### RECORDS FOR PROCESSING
-=-=-
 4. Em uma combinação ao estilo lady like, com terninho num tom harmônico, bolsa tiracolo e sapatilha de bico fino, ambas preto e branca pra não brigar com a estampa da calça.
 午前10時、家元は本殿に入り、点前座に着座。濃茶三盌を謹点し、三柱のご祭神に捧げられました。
-=-=-
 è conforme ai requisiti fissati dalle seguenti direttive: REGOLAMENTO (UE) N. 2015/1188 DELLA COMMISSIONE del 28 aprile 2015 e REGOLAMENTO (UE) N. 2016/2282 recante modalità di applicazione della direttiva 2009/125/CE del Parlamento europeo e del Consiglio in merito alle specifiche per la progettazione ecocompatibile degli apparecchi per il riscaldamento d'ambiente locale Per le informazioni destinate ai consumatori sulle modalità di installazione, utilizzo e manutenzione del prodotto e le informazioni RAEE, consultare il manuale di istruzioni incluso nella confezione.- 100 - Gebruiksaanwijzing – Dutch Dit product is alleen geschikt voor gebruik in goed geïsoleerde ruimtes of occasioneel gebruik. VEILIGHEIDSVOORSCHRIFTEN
-=-=-
### TASK PROMPT
All lines above between those holding "4. Em uma combinação" and "午前10時、家元は本殿に入り", inclusive, must be set down unchanged, and no other line may be included.

### YOUR RESPONSE
 4. Em uma combinação ao estilo lady like, com terninho num tom harmônico, bolsa tiracolo e sapatilha de bico fino, ambas preto e branca pra não brigar com a estampa da calça.
 午前10時、家元は本殿に入り、点前座に着座。濃茶三盌を謹点し、三柱のご祭神に捧げられました。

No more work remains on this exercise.